**DATA FOR PROCESSING**
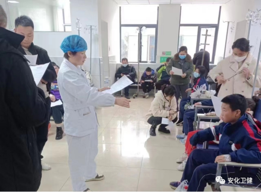 当日,门诊输液室留观及陪护多为学生及老人,针对人群特点,医务人员通俗易懂地介绍了什么是甲流,感染甲流的症状、传播途径、治疗措施,如何预防甲流,怎样区分甲流、普通感冒、新冠等,并为在场群众答疑解惑。
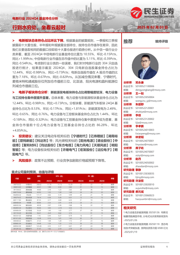 【民生证券】【20250203】电新行业2024Q4基金持仓分析:行到水穷处,坐看云起时-14页
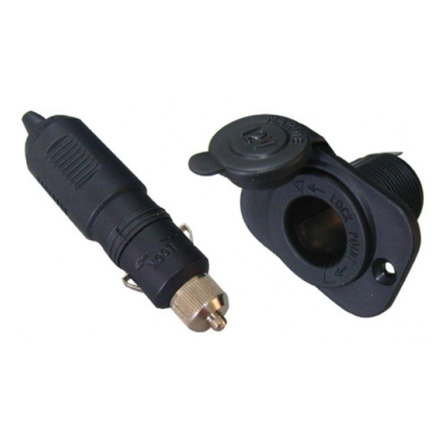 O conjunto de ficha e tomada de 12V é ideal para todos os aparelhos que necessitam de energia elétrica, tais como: telemóveis, lanternas, etc. Feito em nylon anti corrosivo, está equipado com um fusível incorporado de 10A e uma luz LED indicadora de carga. O conjunto de ficha e tomada da LALIZAS possui uma tampa à prova de água e um sistema de interligação que prende a ficha à tomada de um modo seguro. Só pode ser utilizado com artigos que funcionem com corrente de 12V e está disponível em preto.
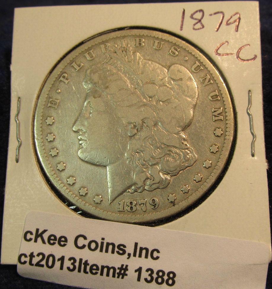 1388. 1879 CC U.S. Morgan Silver Dollar. F-12. Redbook value in VF is $290.00
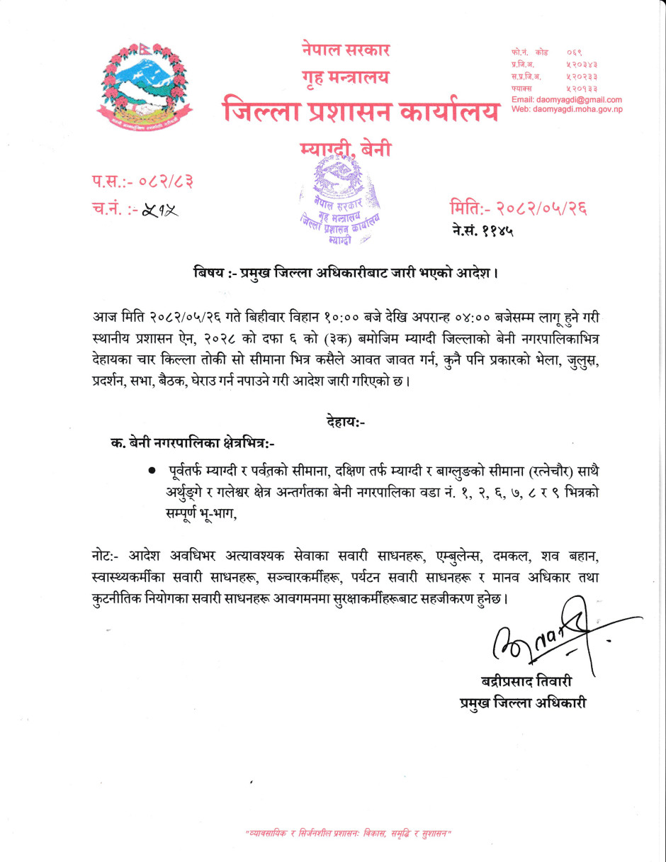 प्रमुख जिल्ला अधिकारीबाट मिति २०८२/०५/२६ गते जारी भएको आदेश ।
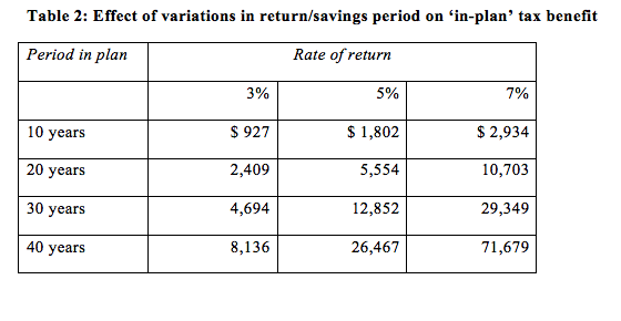 This value is significantly affected by two factors – how long you leave your money in the plan and what your earnings rate is. The following table shows the impact of changing those assumptions.

**WHAT NEEDS TO BE DONE**
Return every entry above exactly as written, with no pictures included.

**RESPONSE TO THE EXERCISE**
 当日,门诊输液室留观及陪护多为学生及老人,针对人群特点,医务人员通俗易懂地介绍了什么是甲流,感染甲流的症状、传播途径、治疗措施,如何预防甲流,怎样区分甲流、普通感冒、新冠等,并为在场群众答疑解惑。
 【民生证券】【20250203】电新行业2024Q4基金持仓分析:行到水穷处,坐看云起时-14页
 O conjunto de ficha e tomada de 12V é ideal para todos os aparelhos que necessitam de energia elétrica, tais como: telemóveis, lanternas, etc. Feito em nylon anti corrosivo, está equipado com um fusível incorporado de 10A e uma luz LED indicadora de carga. O conjunto de ficha e tomada da LALIZAS possui uma tampa à prova de água e um sistema de interligação que prende a ficha à tomada de um modo seguro. Só pode ser utilizado com artigos que funcionem com corrente de 12V e está disponível em preto.
 1388. 1879 CC U.S. Morgan Silver Dollar. F-12. Redbook value in VF is $290.00
 प्रमुख जिल्ला अधिकारीबाट मिति २०८२/०५/२६ गते जारी भएको आदेश ।
 This value is significantly affected by two factors – how long you leave your money in the plan and what your earnings rate is. The following table shows the impact of changing those assumptions.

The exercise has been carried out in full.